Scotland's tourism agency has denied speculation that it is being forced out of Edinburgh by Scottish Executive ministers.
The tourism agency said it was not being forced to relocate
VisitScotland spokesman Hugh Hall said its lease expires in March 2005 and a number of options were being considered.
However, he did concede that ministers would make the final decision.
An executive spokeswoman described the reports as "ridiculous" and said a location review was a matter of course when a lease was due to expire.

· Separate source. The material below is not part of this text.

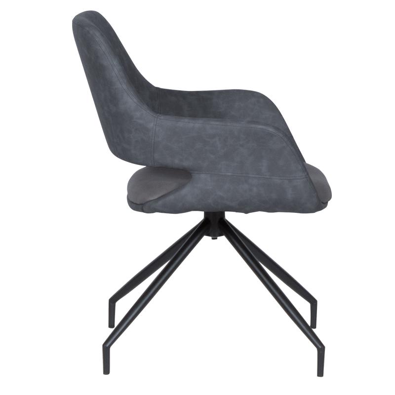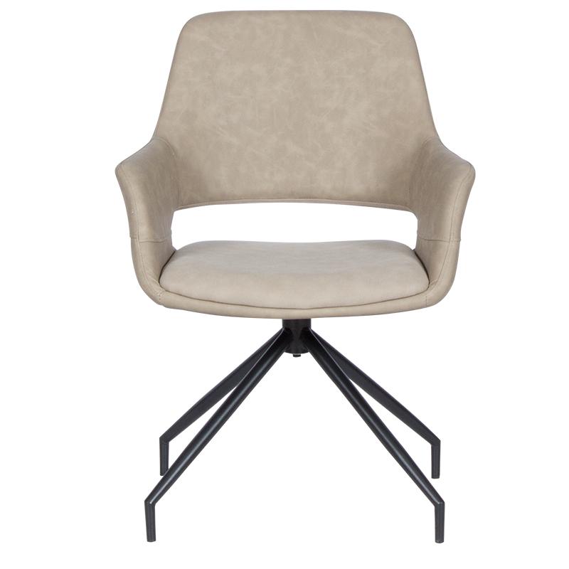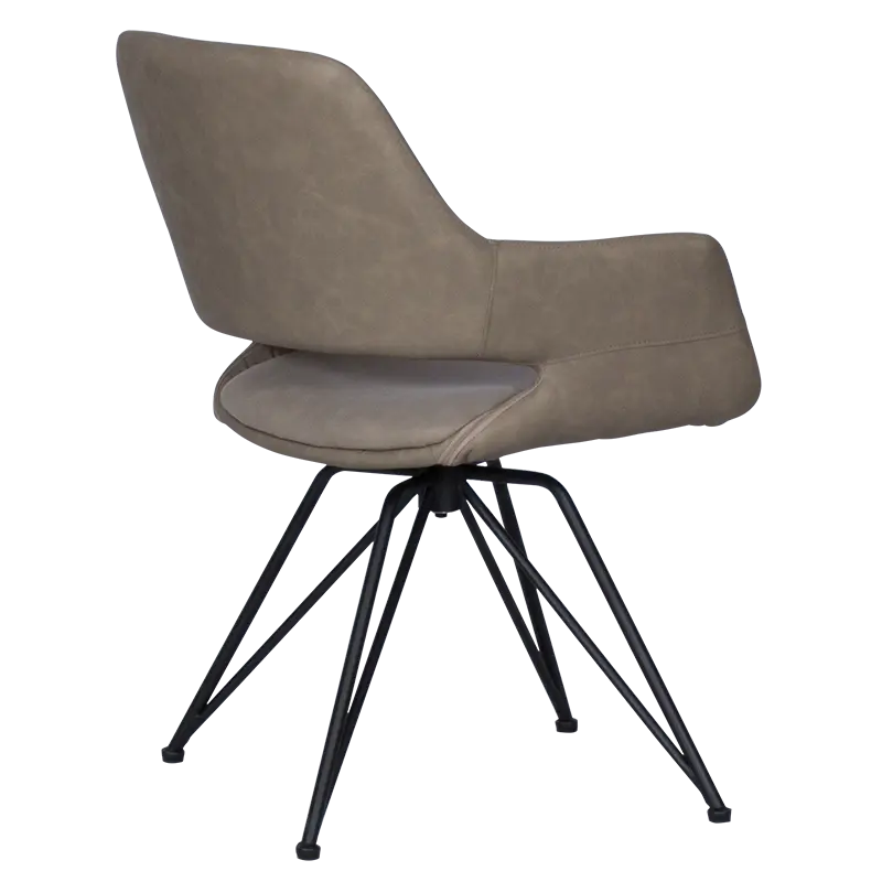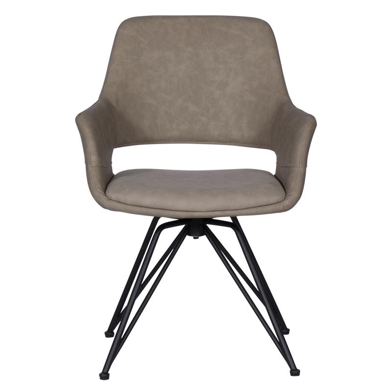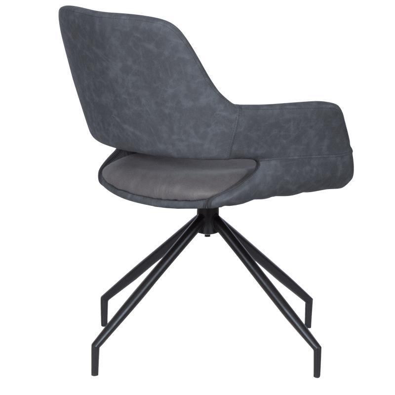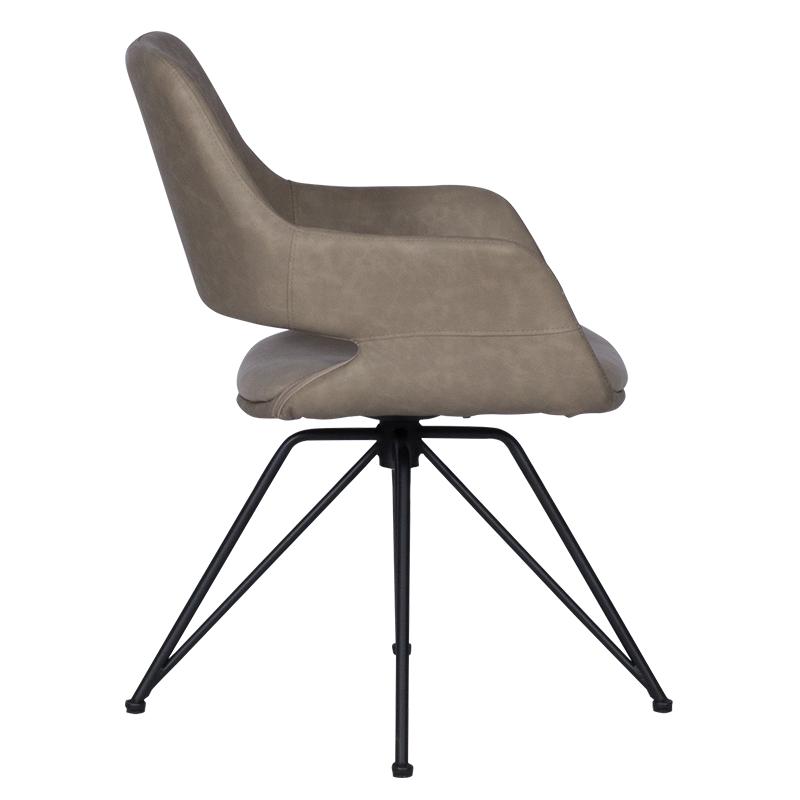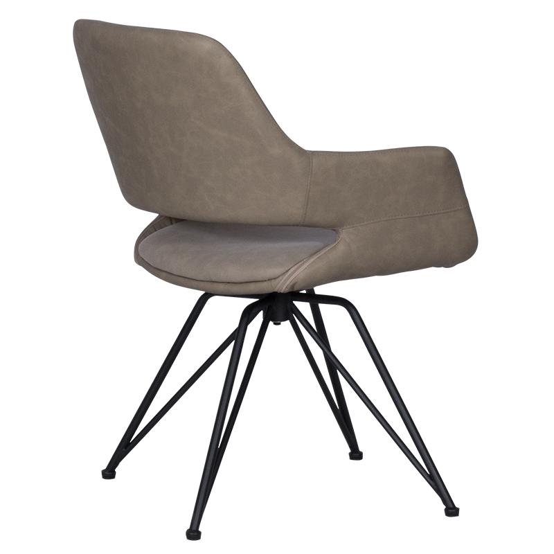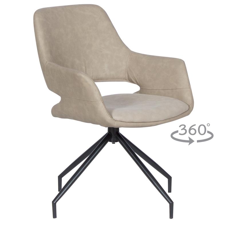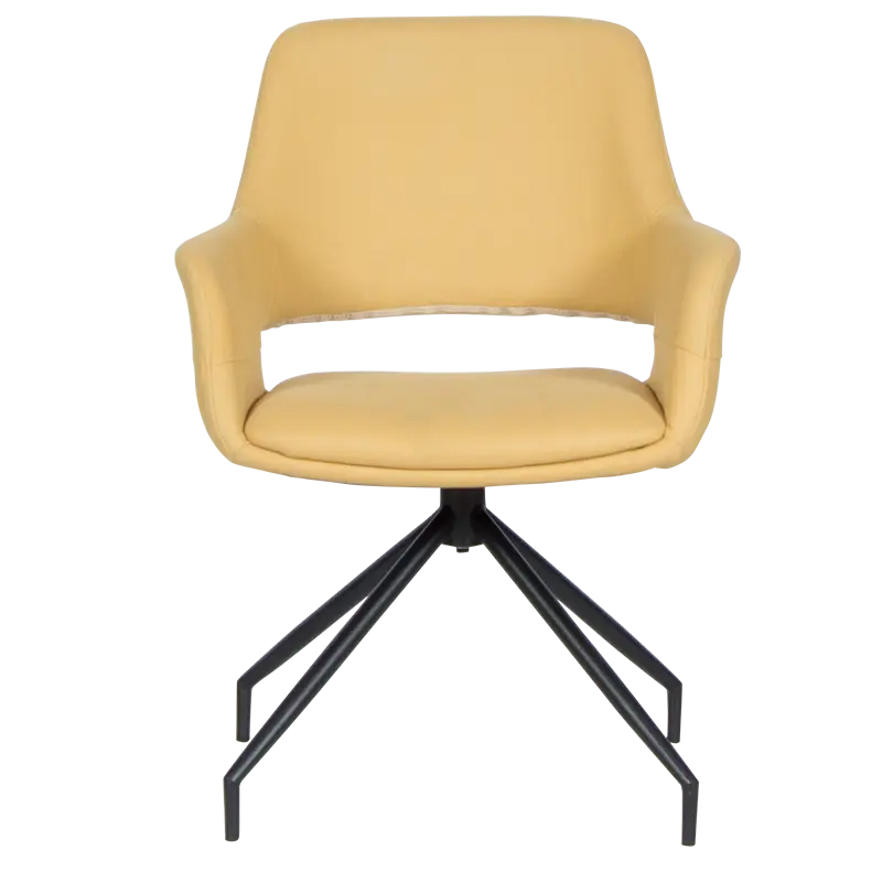 РАДЕЛИНА е трапезен стол с модерен дизайн, нестандартни крака и функция за въртене на седалката на 360°. Изработен е от висококачествена дамаска и праховобоядисан метал.

The executive has adopted a policy to disperse the benefits of public sector jobs throughout Scotland.
It recently ordered Scottish Natural Heritage (SNH) to relocate its headquarters from Edinburgh to Inverness.
Speaking on BBC Radio's Good Morning Scotland programme, Mr Hall said VisitScotland could renew its lease.
The agency was surprised by media reports suggesting VisitScotland was being forced to quit Edinburgh, he said.
Mr Hall said: "Nothing could be further from the truth. There is a policy on dispersal but that includes the status quo and at the moment we've not ruled out any option.
"We had a meeting with staff yesterday to say we've short-listed 10 possible areas throughout Scotland and we'll inform them of the outcome in due course."
He said staff were "naturally anxious" about the future.
An executive spokeswoman told BBC News Online Scotland that the tourism agency was simply following procedures.
She said a short list of 10 potential locations had been drawn up for further consideration "and all of these are commutable".
Inverness was one of the short listed locations, she added.
Staff and unions have been protesting over the plans to relocate SNH's headquarters to Inverness.
Economic consultants had previously advised against the move which will see all but 50 of the 270 posts relocate.
But the executive defended the decision and a large number of employees are expected to resign rather than move north.